|Snow White, Professional Witch.
||[Feb. 3rd, 2010|01:57 pm]
|||||crown me king- that mickle dweomer||]|
I am now zoned out. Snap! Listen to that sky crackle, the sound of dead air & bleeding firmament. I came into work & immediately kicked the crap out of a load of boxes, but now the urge had lifted. The train ride this morning was annoying; on the plus side, Jenny came with me to Dekalb, but on the minus side, the lady next to be was a jerk/idiot/idiotjerk/jerkidiot. First fact: I am a subway warrior. You want to sprawl out on the train? Put your bag on the seat? Congratulations! I'm going to sit next to you. You win! I'm not talking on empty trains; I'm talking the foolish souls who hunker their meat in two people's worth of space on a crowded subway car. Ta da, you've just attracted my passive-aggressive vigilantism! So the lady I sat next to today was all fighting back with rude elbows & forced coughing. You terrible person! I wanted her to try to litter or something so I could scold her. Yes! I scorn the litterbug, I say to them "sir, you dropped your lottery tickets!" or whatever. Take your garbage, scow!
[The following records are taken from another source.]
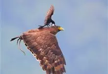 白肩雕:又名御雕,是大型猛禽。体长73-84厘米。体羽黑褐色,头和颈较淡,肩部有明显的白斑,在黑褐色的体羽上极为醒目,很远即可看见,这是区别其他雕的主要特征。滑翔时两翅平直,滑翔和翱翔时两翅亦不上举…全部>>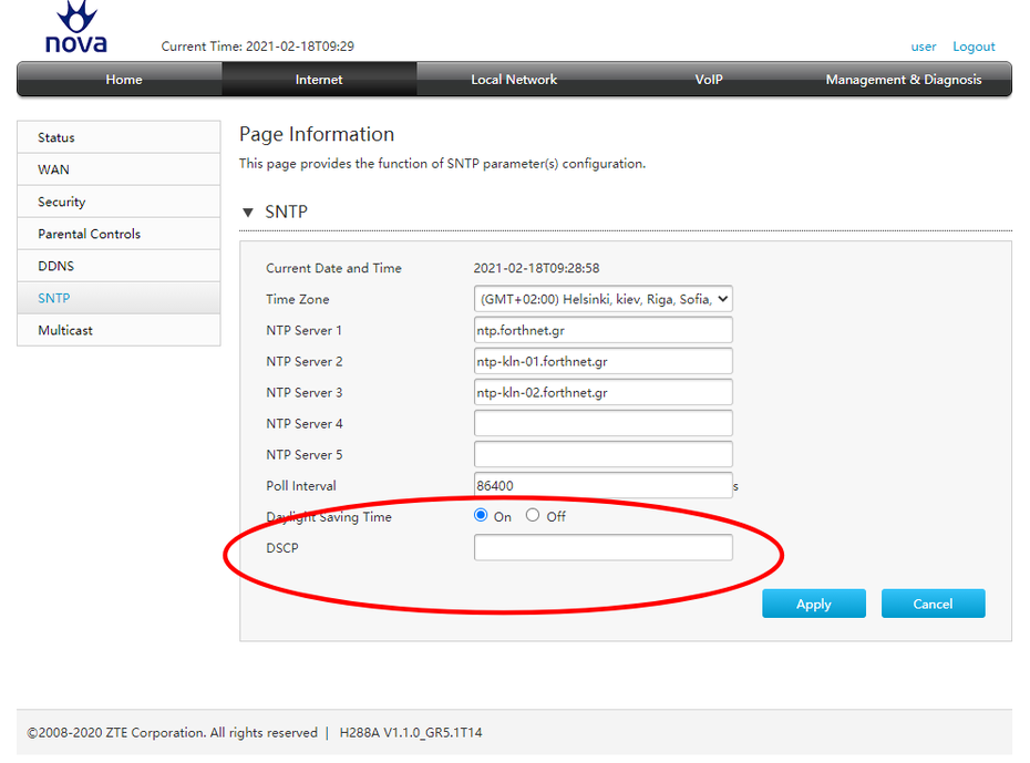 Καλημέρα, ο τρόπος σύνδεσης είναι όπως και πριν. Να σου πω την αλήθεια, πριν μου το πεις, χωρίς να κάνω καμία ενέργεια στο 288 (εκτός απο το να κλείσω το wifi), πήγα και απενεργοποίησα το DHCP στο ΧΙΑΟΜΙ. Και όλα δούλευαν κανονικά. Τώρα το πρωί που ξύπνησα είδα ότι όλες οι συσκευές (κινητό, google nest hub & google nest hub max) στις οποίες μπορώ να δω άμεσα, λόγω ύπαρξης οθόνης, εαν υπάρχει wifi, έγραφαν "NETWORK PROBLEM". Πριν τις αλλαγές απλά έγραφαν ότι υπήρχε πρόβλημα στο wifi. Τώρα λένε αυτό "Network Problem". Το XIAOMI παραμένει με τον ίδιο τρόπο σύνδεσης. Δηλαδή από μια lan του 288 φεύγει καλώδιο και πάει στην θύρα internet του XIAOMI. Μπήκα τώρα στο 288 και το μόνο που βλέπω σχετικά με DHCP είναι αυτό στην φώτο...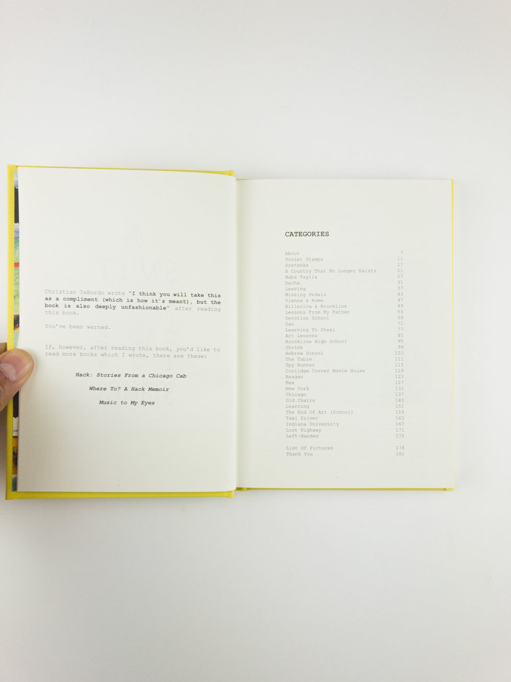 Soviet Stamps is about how Dmitry Samarov became an artist. Through written vignettes, artwork, and family photos the book charts Samarov's emigration from the USSR in 1978, on to his attempts to fit into American society and peripatetic attempts to earn a living, while continuing to create artwork.

Last night I went to the gym for the first time since getting sick, & it was fine. No weakness; I am grown strong again! So that is good. I'm kind of considering going tonight, too. Anyhow, I had a nice little work out-- Groundhog Day was on-- & then picked up some groceries & came home. On the walk, I had a nice little chat with Brooklyn, or as I like to call her personified genius, Een Draght Mackt Maght. Civilization! I like to give myself to it. I can't really consider the existence of other people, but I can think about the Other & the Hive. I choose the Hive, lets all be one. I'll invest in the things around me. I'll dissolve & mingle. We can all share Mordicai. Got home, showered, & Jenny cooked up some kind of tasty supper-- finely chopped up stuff with chicken thigh on top. I drank a banana bread beer & we watched some television. We decided to forgo Lost for the moment, so I'm dodging spoilers; there was nothing to do then except watch politics.
Or politics commentary & editorial & parody-- your Rachel Maddow, your Daily Show, your Colbert Report. I was almost convinced that the Progressives were going to successfully turn the Conservative rhetoric against them! The President speaking at the Republican Retreat for instance, or dogging them for dropping out of the bill they co-sponsored. To me, that seems the easy way to go; they've made such a paper tiger out of the President (who I'm not really a fan of) by painting him as Black Commie Hitler that it shouldn't be too hard to knot a noose with all the rope they've given. Which, like, the Planned Parenthood response to the Tebow Anti-Choice ad. I feel like the Pro-Choice movement needs to understand that they won the language war. See, the Anti-Choice people tried to be cute & co-opt the language of Pro-Choice. "Choose life!" they say. Sarah Palin talks about considering an abortion when she found out her embryo would have Down's Syndrome, but she too chose life. What both sides seem to be missing is that the language is set: choice. They keep saying choice, talking about making choices. The Pro-Choice movement needs to capitalize on that, before the current SCOTUS betrays everyone again. Like that time they pretended like corporations are people. Bastards.